The task: Word for word, the data below must be repeated in full; no picture is to be included.

Dataset excerpt:
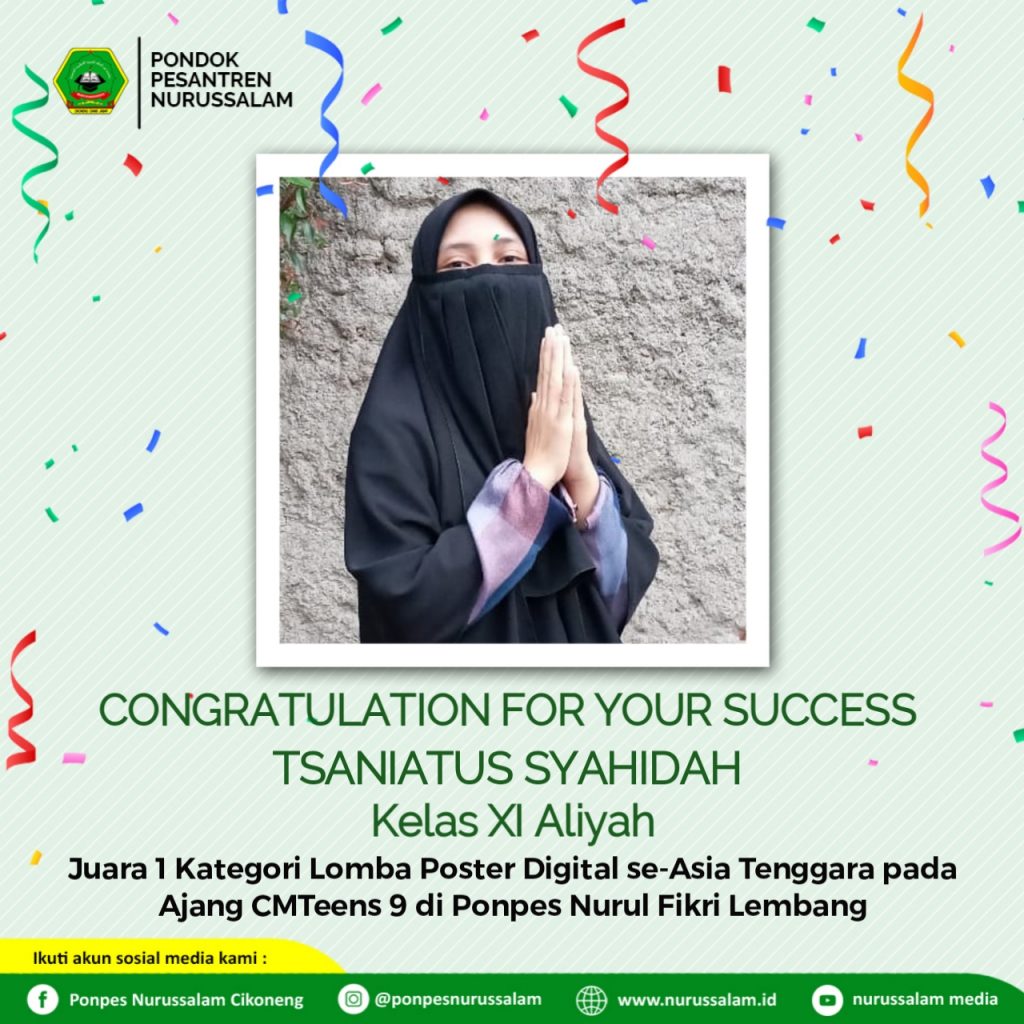 Hari Rabu (17/3) lalu, beberapa siswi MA Nurussalam ikut berpartisipasi dalam ajang perlombaan CMTeens 9 (Camp Muslimah Teens 9) se-Asia Tenggara yang diselenggarakan oleh ponpes Nurul Fikri Lembang secara online. Usaha yang dilakukan tidak sia-sia. Ketika pengumuman kejuaraan dari perlombaan ini pada kamis (25/3), usaha maksimal yang dilakukan membuahkan hasil yang cukup memuaskan. Tsaniatus Syahidah, […]
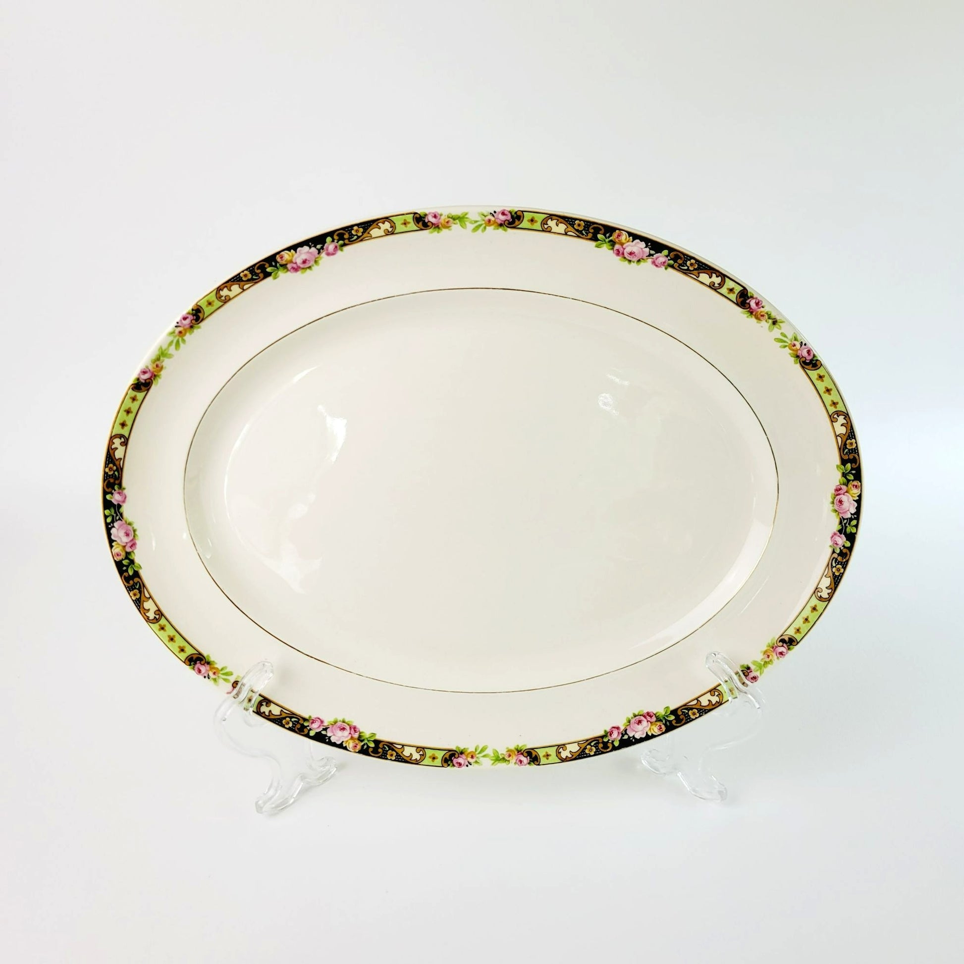 Vintage Mount Clemens Pottery MTC2 oval serving platter, handcrafted in the USA. Features a charming design of pink roses, yellow band, and tan scrolls on a cream background.
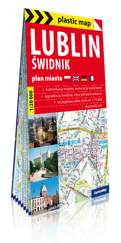 Lublin i Świdnik Puby i restauracje w zabytkowych kamieniczkach, podziemna trasa biegnąca piwnicznymi zakamarkami Starego Miasta i pełna bizantyjskich fresków kaplica św. Trójcy. W Lublinie na turystów czeka wiele atrakcji. Dwustronnie foliowany, trwały plan pomoże w ich odkrywaniu. Na planie m.in.: • szczegółowy rysunek zabudowy wraz z numeracją budynków wzdłuż ulic i na osiedlach, • linie autobusowe i trolejbusowe wraz z przystankami, • sygnalizacja świetlna, ulice jednokierunkowe, parkingi, • bogata treść turystyczna, w tym zabytki, muzea, szlaki turystyczne, rezerwaty przyrody, hotele i inne istotne obiekty, • budynki użyteczności publicznej, centra handlowe, • szczegółowy plan centrum Lublina w skali 1:10 000 (1 cm – 100 m), • mapa okolic Lublina w skali 1:200 000 (1 cm – 2 km), • skorowidz ulic.
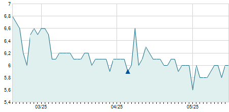 | 06/07/2018 | -0,40 / -4,21% | 9,50 | 9,50 | 8,50 | 9,10 | 8,80 | 7,01 | 348.600 |   |

The completed task:
 Hari Rabu (17/3) lalu, beberapa siswi MA Nurussalam ikut berpartisipasi dalam ajang perlombaan CMTeens 9 (Camp Muslimah Teens 9) se-Asia Tenggara yang diselenggarakan oleh ponpes Nurul Fikri Lembang secara online. Usaha yang dilakukan tidak sia-sia. Ketika pengumuman kejuaraan dari perlombaan ini pada kamis (25/3), usaha maksimal yang dilakukan membuahkan hasil yang cukup memuaskan. Tsaniatus Syahidah, […]
 Vintage Mount Clemens Pottery MTC2 oval serving platter, handcrafted in the USA. Features a charming design of pink roses, yellow band, and tan scrolls on a cream background.
 Lublin i Świdnik Puby i restauracje w zabytkowych kamieniczkach, podziemna trasa biegnąca piwnicznymi zakamarkami Starego Miasta i pełna bizantyjskich fresków kaplica św. Trójcy. W Lublinie na turystów czeka wiele atrakcji. Dwustronnie foliowany, trwały plan pomoże w ich odkrywaniu. Na planie m.in.: • szczegółowy rysunek zabudowy wraz z numeracją budynków wzdłuż ulic i na osiedlach, • linie autobusowe i trolejbusowe wraz z przystankami, • sygnalizacja świetlna, ulice jednokierunkowe, parkingi, • bogata treść turystyczna, w tym zabytki, muzea, szlaki turystyczne, rezerwaty przyrody, hotele i inne istotne obiekty, • budynki użyteczności publicznej, centra handlowe, • szczegółowy plan centrum Lublina w skali 1:10 000 (1 cm – 100 m), • mapa okolic Lublina w skali 1:200 000 (1 cm – 2 km), • skorowidz ulic.
 | 06/07/2018 | -0,40 / -4,21% | 9,50 | 9,50 | 8,50 | 9,10 | 8,80 | 7,01 | 348.600 |   |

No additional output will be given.